In his speech last week to the World Economic Forum in New Delhi, Harper said his government places great importance on education links as it tries to deepen relations with India.

Harper said that 23,000 Indian students conducted research in Canada last year, a one-third increase in one year, and two-and-a-half times greater than in the past three years.

On his trip to China and February, Harper signed a broad strategic partnership that called for greater education in energy, natural resources, science, agriculture and education.

—Mike Blanchfield


Canada failing to attract foreign students

  1. Awareness is a two way street and I believe Canadians with too little foreign work experience or training are reaping what they sow.

    As a long term Canadian expat and for lack of a better term, economic migrant, it did not take me long to realize that the gulfs between provinces exemplify and amplify Canada’s lack of familiarity with the business of attracting international students. Where regionalism is rife, strong national policies will always face opposition and possibly obscure the international world which often appears of lessor importance when provincial politics are at play. The same can be said for the appeal that a diversifed international work or study experience appears to merit in Canadian society. Canadian employers highly discriminate against international migrants, and Canadians with international work and study experiences.

    In this kind of environment, Canada’s nonexistent brand image for international education abroad will find difficulty strengthening. At the core, it seems Canadian international education management recruiters screen out Canadian work applicants with foreign work experience.

    This is the point.

    I am a Canadian graduate of The University of Wollongong, Sydney Business School, Master of International Business. Following eleven months of applying for relevant positions in Canada (I would estimate about 500 targeted positions) across my proven competencies and disciplines: International Business, International Education and Research Commercialization … my best prospect is in The USA.

    Why would this be a different story for international applicants in Canada? It isn’t. Canada is a country where engineers and doctors are expected to take cleaning jobs sacrificing their careers for their children’s sake.

    As I can attest, Canadian instituions disregard and devalue international experience, training and knowledge and as everyone knows, for every foreign educated and experienced candidate there are fifty or sixty people locally who would like the job just as much. So the people possibly most skilled and qualified in these fields: international business, international education and research commercialization never get the job.

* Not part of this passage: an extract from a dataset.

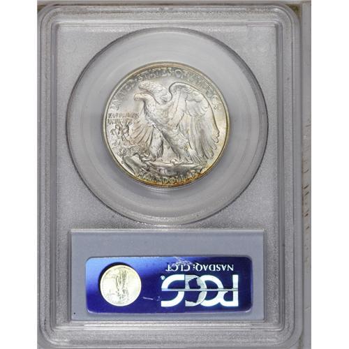 <B>1946-D<50C> MS67 PCGS.</B></I> Highly lustrous with mustard-gold patina at the periphery and patches of reddish-tan near the center. A delightful Superb Gem from the short set, tied for the finest certified at PCGS (8/06).

    These are three areas of growth which Canada desperately lacks.

    The higher education sector could and should be Canada’s #1 Export as it is in Australia but seemingly Canada lacks a national vision or mission that can be shared across every higher education institution in the country to make that happen. Repeatedly, Canadian international education experts raise Australia as the best benchmark to follow in terms of raising the bar on attracting more export earning educational income.

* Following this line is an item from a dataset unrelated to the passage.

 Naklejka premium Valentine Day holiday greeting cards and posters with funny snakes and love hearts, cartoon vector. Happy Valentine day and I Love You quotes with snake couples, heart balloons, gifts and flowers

    Repeatedly, Canadian institutions as a complete group seem to do little about it. As for how their ompetitors do it, it seems that is on another planet and certainly not meant to work in the Canadian one.

    There are pockets of change, but what is required is perhaps an evolution that is forty years overdue.

  2. The weather is definitely a factor. I spent five years living in Germany, in Bavaria, which certainly has its share of winter, and yet even the Bavarians would comment “isn’t it terribly cold in Canada?” Canada definitely needs to publicize that not every city in Canada gets Edmonton or Ottawa winters (both of which I do not enjoy, for different reasons). The balmy (albeit rainy) winters of Southern BC should be emphasized.

    When Canada does accept international students, I think there needs to be better English (or French) language standards in place. It is annoying to be teaching a class, only to have one of the international students translating the entire lecture to his or her friend, because that friend doesn’t have a strong enough grasp of the language.